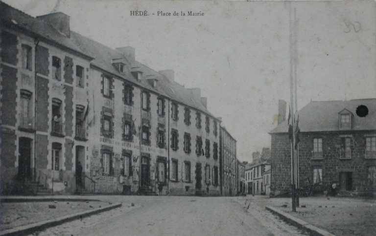 Hédé (I.-et-V.). La Mairie et la Grande Place. Carte postale éditée par A. Lamiré, éditeur, Rennes, [s. d.] (A.D. Ille-et-Vilaine 6 Fi).
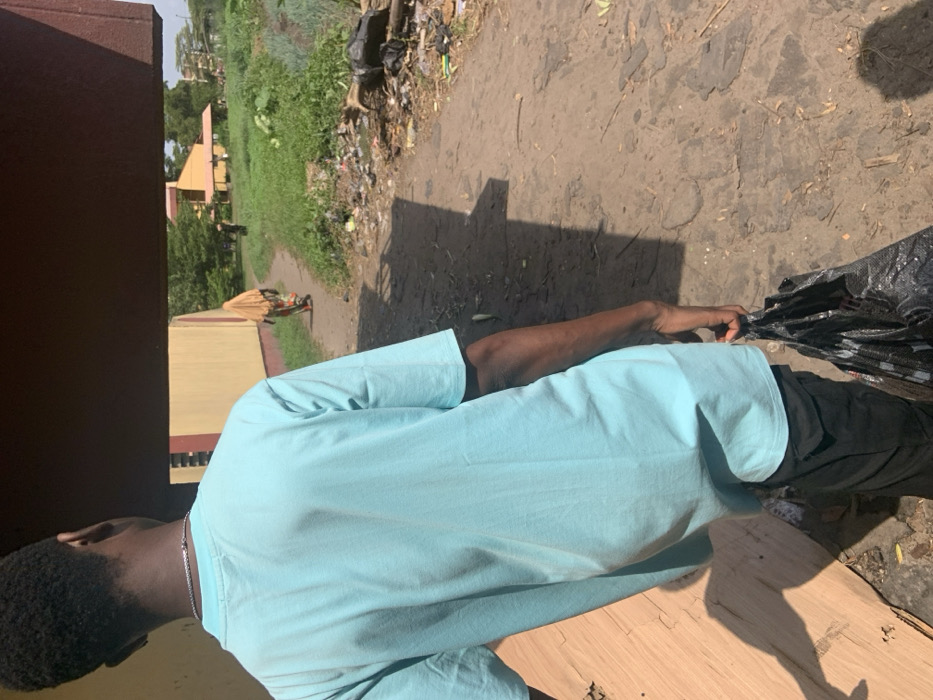 This image depicts an outdoor scene in Ijanikin, Nigeria, characterized by bright daylight and distinct shadows. In the immediate foreground and left, the back of a dark-skinned male is visible. He wears a light blue short-sleeved t-shirt, dark trousers, and a thin silver-colored chain around his neck. His left hand holds a crinkled black plastic bag. He is positioned under a dark brown, flat overhead structure which casts a large shadow to his right. To his left, a light-colored wooden panel or wall is visible. An unpaved, uneven dirt path stretches into the midground and background, showing indentations and variations in its surface. Approximately 20 meters down this path, a second individual walks away from the camera, identifiable by patterned clothing and a light-colored, possibly tan, head covering that obscures their head and shoulders. Further in the distance along the path, a third, smaller dark figure is discernible. To the left of the path, a yellow building with a dark brown roof edge is present. The area to the right of the path is characterized by dense green vegetation and unmanaged grass, heavily interspersed with a significant accumulation of scattered refuse and litter, including plastic bags and various debris. Beyond this vegetated and littered area, in the far background, another yellow building with a brown roofline is visible under a clear, bright sky.
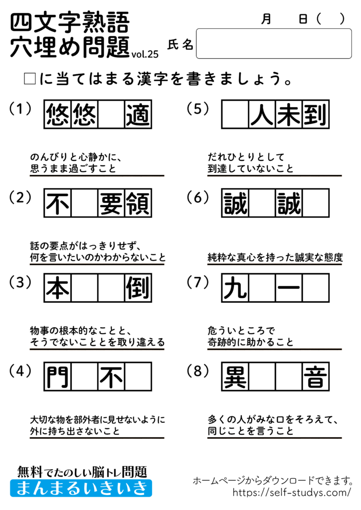 ヒントとして四文字熟語の意味を載せてあります。
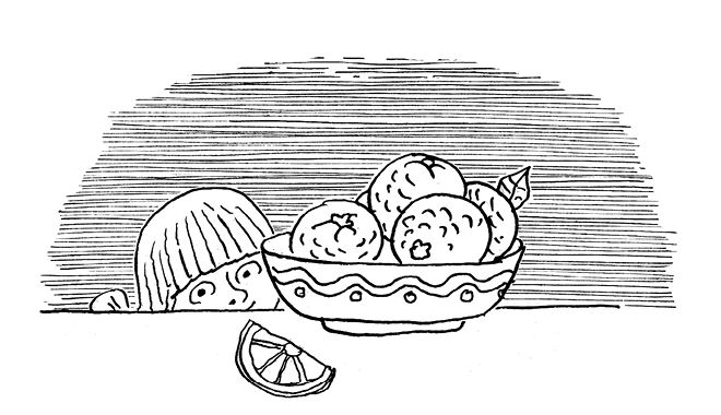 Бетси поставила на стол большое блюдо с апельсинами и приготовилась смотреть. Она с любопытством наблюдала, как Фатти берёт апельсин, делает в нём маленькую дырочку и выдавливает жёлтый сок в чашку.
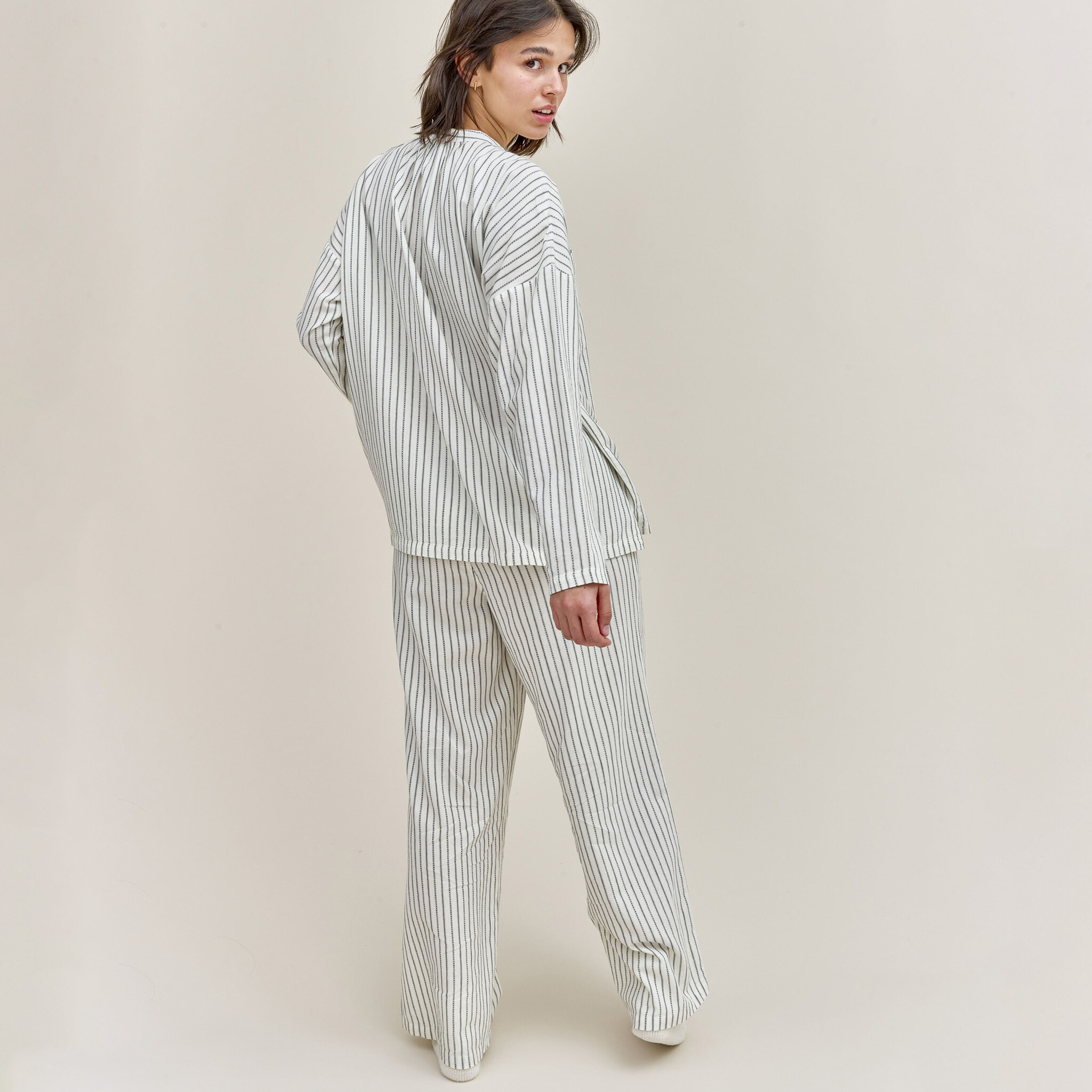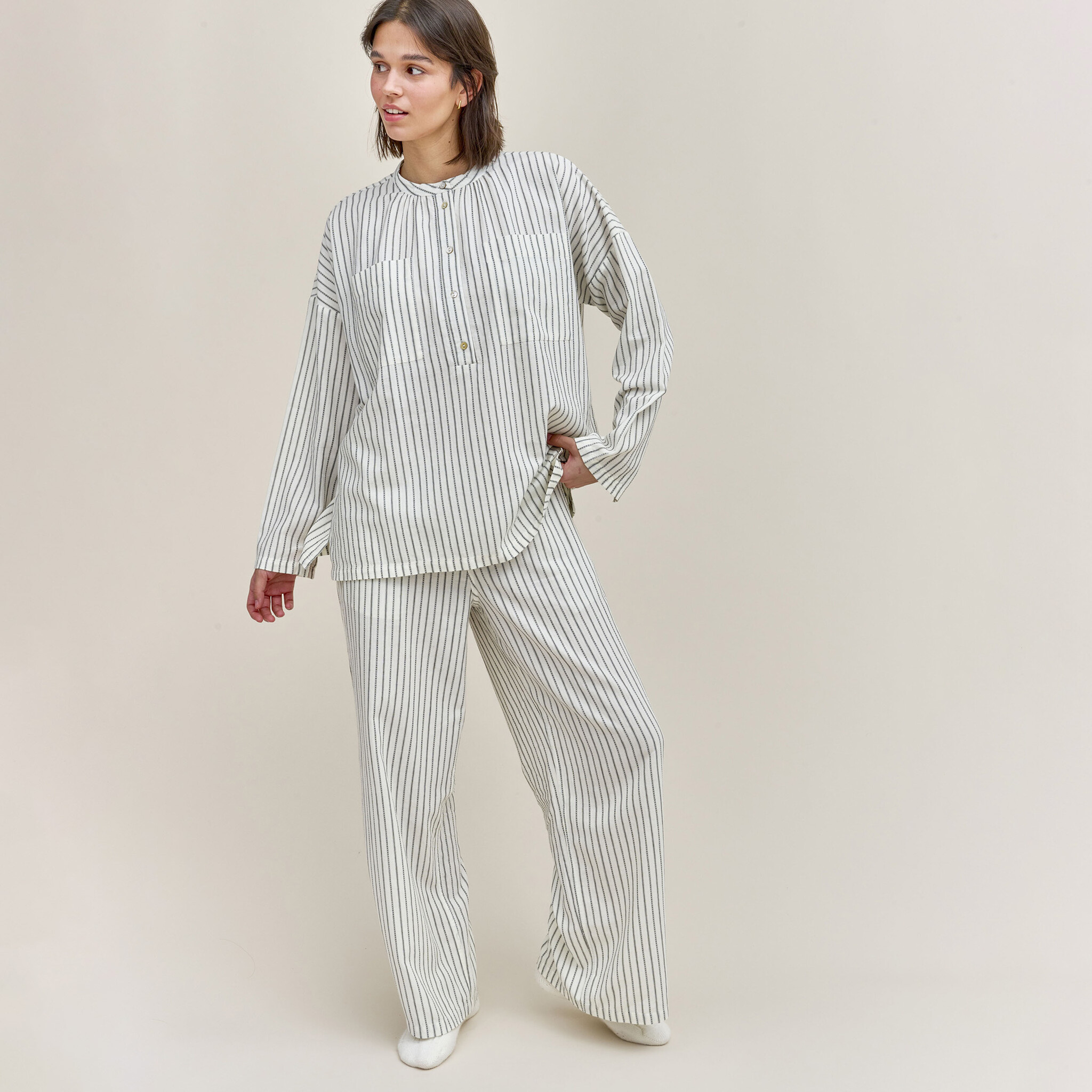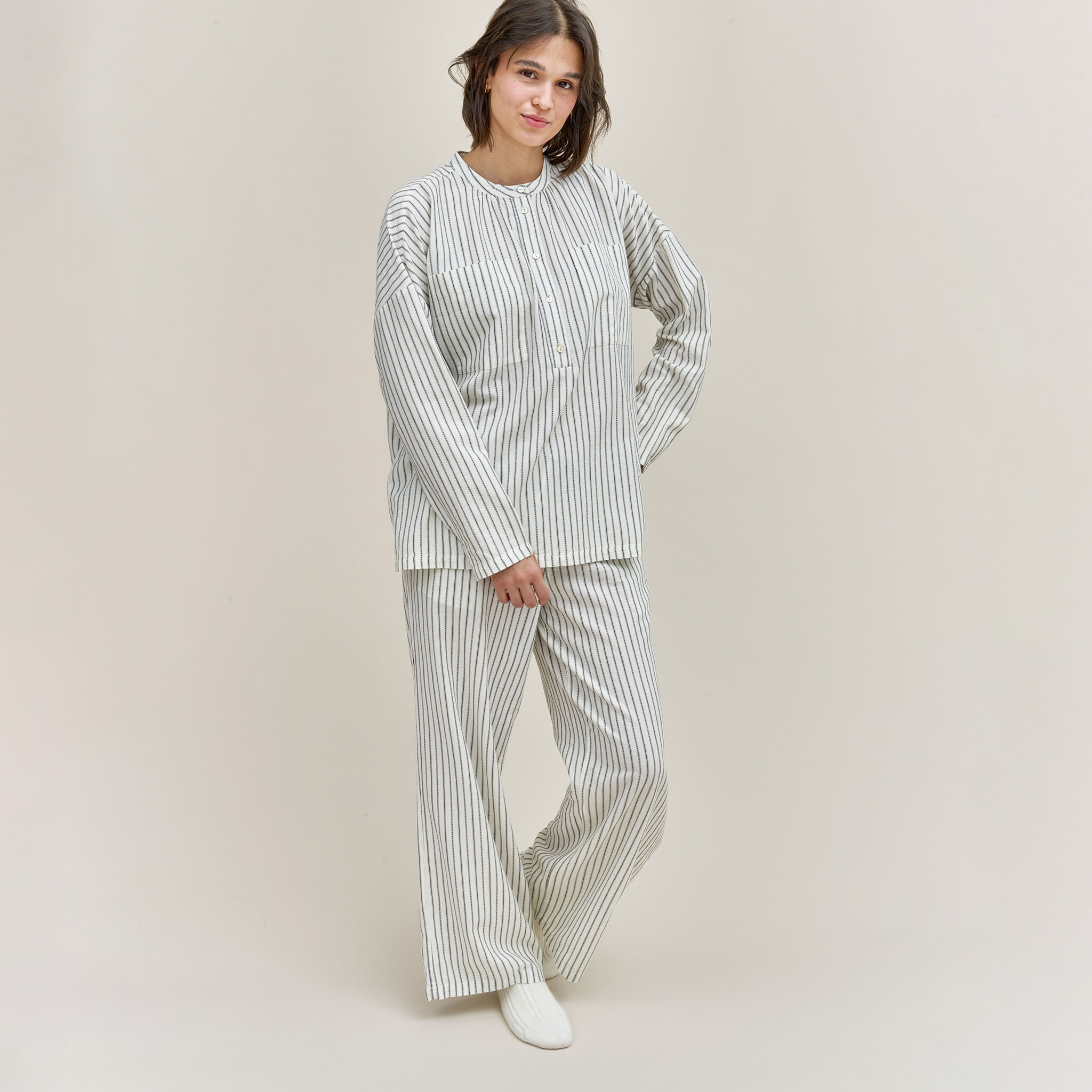 De Dorélit pyjama is gemaakt van licht ademend katoenflanel, de perfecte keuze voor comfortabele avonden en nachten. De top met knopen heeft een opstaande kraag en de lange broek is afgewerkt met een elastische tailleband.
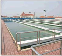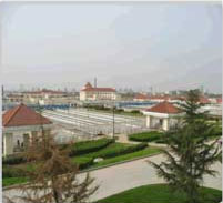根據冬季低溫低濁,夏秋短期高濁度水的原水水質,水處理采用預加氯氧化、串級機械混合、豎流波形板絮凝、平流式加側向流波形斜板沉淀池、改進型氣水反沖洗“V”型濾池、液氯消毒的工藝流程。技術先進,流程合理,占地小,效率高,出水水質好。串級機械混合可隨水量的變化調節混合強度,保證混合效果最佳;豎流波形板絮凝池占地小,對水量變化不敏感,絮凝效果好;在國內首次采用了平流加波形斜板沉淀池,對原水水質變化既具有較高的緩沖能力,又有處理低溫低濁水效果好的特點,沉淀時間較常規平流沉淀池縮短了三分之一。采用改進型氣水反沖洗“V”型濾池,截污能力強,反沖洗效果好,出水水質優于其它濾池,節水、節電效果明顯。水廠設有生產廢水處理系統,在國內大型水廠中率先實現了生產廢水“零”排放。可節約水資源和增加供水收入,并且保證水廠的生產廢水不會對周圍環境產生二次污染。 水廠建成兩年來,系統運行穩定,出廠水濁度保持在0.5度以下,達到了國際水平,處理工藝達到了設計預期。
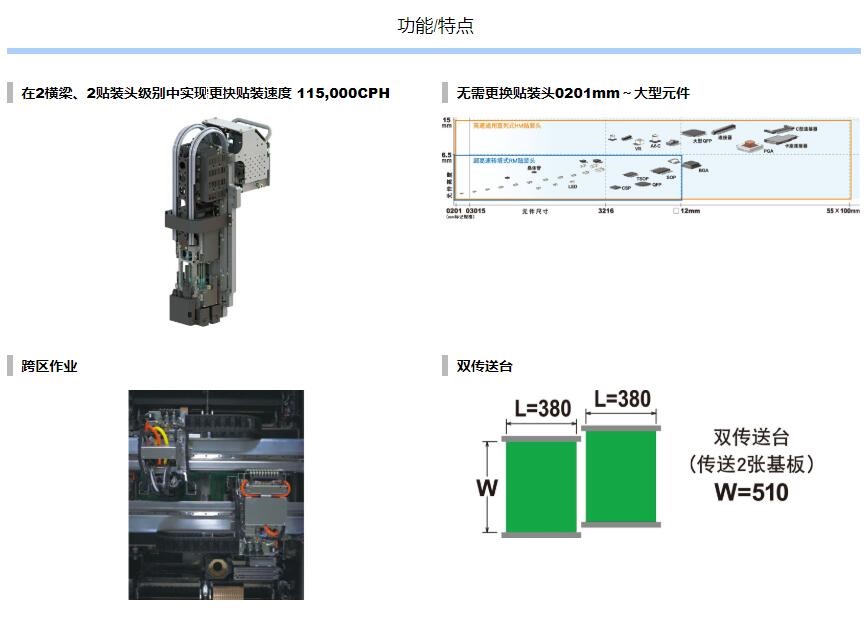 極 限改進“單一貼裝頭解決方案”,具有卓絕生產(chǎn)率和通用性的萬 能型貼片機
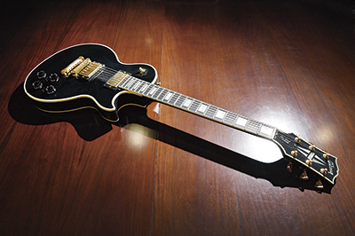 ミロク情報サービスの是枝周樹社長は、8歳のころからギターを続けている。現在、ギターは10本ほど所有しており、その中からギブソンの「レスポールカスタム」を持参してもらった。
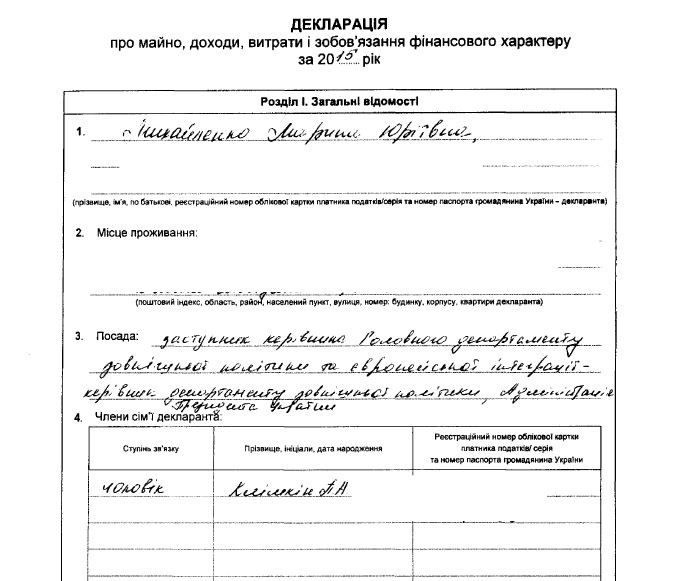 Как удалось выяснить "Стране", на сайте АП есть декларация Марины Михайленко, где она также указывает родство с Павлом Климкиным. У нее есть участок земли 10 соток, машина Volvo S40 и две квартиры. Одной из них она владеет совместно с родителями. По данным из базы прописок жителей Украины, эта "золотая" жилплощадь находится в самом сердце столицы.
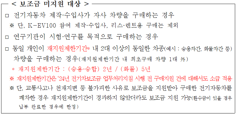 - 전기화물(개인·개인사업자) 세대당 1대, (법인) 사업장당 1대, (공공기관) 제한없음

#####

→ What needs to be done:
Only one stretch of the material above is wanted: the line containing "ヒントとして四文字熟語の意味を載せてあります。" through the line containing "De Dorélit pyjama". Restate it word for word, minus the pictures.

→ Answer space:
 ヒントとして四文字熟語の意味を載せてあります。
 Бетси поставила на стол большое блюдо с апельсинами и приготовилась смотреть. Она с любопытством наблюдала, как Фатти берёт апельсин, делает в нём маленькую дырочку и выдавливает жёлтый сок в чашку.
 De Dorélit pyjama is gemaakt van licht ademend katoenflanel, de perfecte keuze voor comfortabele avonden en nachten. De top met knopen heeft een opstaande kraag en de lange broek is afgewerkt met een elastische tailleband.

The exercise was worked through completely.